The EASIEST homemade yogurt recipe using a slow cooker. Making yogurt & homemade greek yogurt has never been easier with your Crockpot!
(Friends: The links in this post are affiliate links. Countess of Low Carb & her furbabies will be compensated when you make a purchase by clicking through the links. Read our disclosure policy here.)
Homemade Yogurt – Ingedients:
- Slow cooker
- 1/2 gallon of whole milk
- 1/2 cup of plain yogurt. Make sure there are live cultures like l. bulgaricus and s. thermophilus. I used Greek Yogurt Plain. You CANNOT use flavored yogurt.
- Food thermometer
- Coffee filters or cheese cloth
- Optional – mini Mason Jars
Timeline For Easy Yogurt Recipe:
- 2-3pm: start time
- 6:30-8:30pm(ish) pm: Put your yogurt in a blankie to tuck in for the night.
- 4:30-8:30(ish) am: Strain your yogurt
- 1pm: EAT freakin’ yogurt!
I would recommend starting your yogurt at 2-3pm. You can let your yogurt sit overnight around
Add 1/2 gallon of whole milk to large slow cooker and put the lid on the slow cooker. Turn heat to high for 2.5 hours.
Use your Food thermometer and make sure to get temperature of the milk to 180 degrees F.
Once at 180 degrees, turn off any heat and unplug your slow cooker to let the milk sit. After getting to 180 degrees, leave the slow cooker’s lid on.
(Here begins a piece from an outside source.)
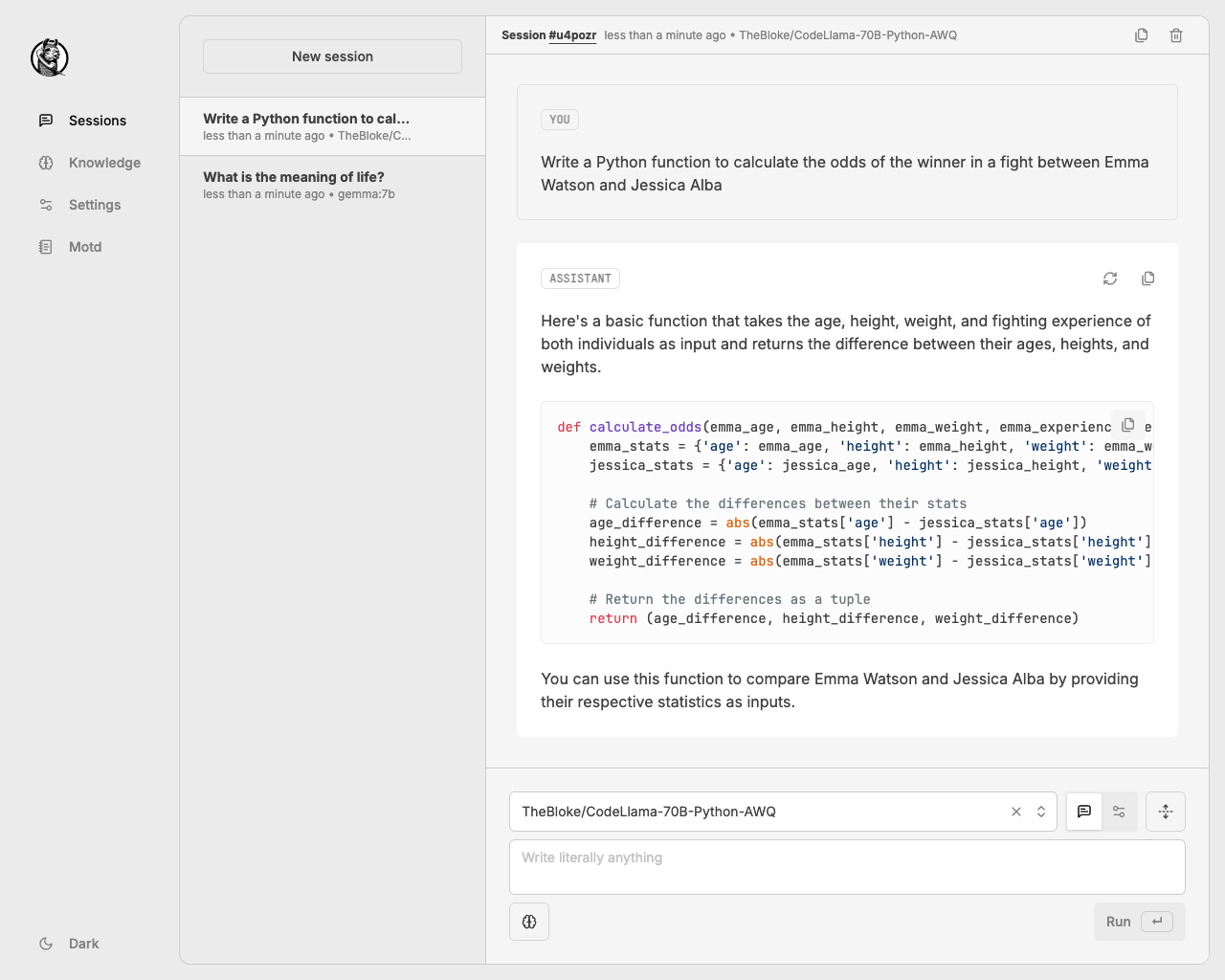 Ollama + OpenAI용 가벼운 프론트엔드. OpenWebUI 등의 무거운 서버를 돌리지 않고 ollama에 연결해 사용할 수 있다.

Let the slow cooker milk mixture cool for another 2-3 hours with the lid on.
You will then want to get your milk to 110 degrees F.
Once the milk gets to 110 degrees F, add the plain yogurt with active cultures to your slow cooker.
Mix the milk and yogurt mixture with left to right motions with your spoon.
Close with the slow cooker lid with the milk and yogurt mixture.
Wrap your slow cooker in a blanket or with thick towels. This piggy will to the market and go weee-weeee-weeee all the way home for yogurt. Wait for 10-12 hours.
Line two colanders with Coffee filters or cheese cloth. Two colanders with Coffee filters or cheese cloth in between will result in thicker yogurt.
Then add yogurt mixture to top colander.
You are trying to separate whey from yogurt mixure. The more separation, the thicker the yogurt = Greek Yogurt.
Put the yogurt and colanders in the fridge covered with foil or saran wrap for 4-5 hours.
You will get 4 cups of whey and 3.5-4 cups of Greek Yogurt.
Save your whey for soups! We used our whey for keto chili and it was delicious!
Store yogurt in fridge in air tight container for up to 2 weeks.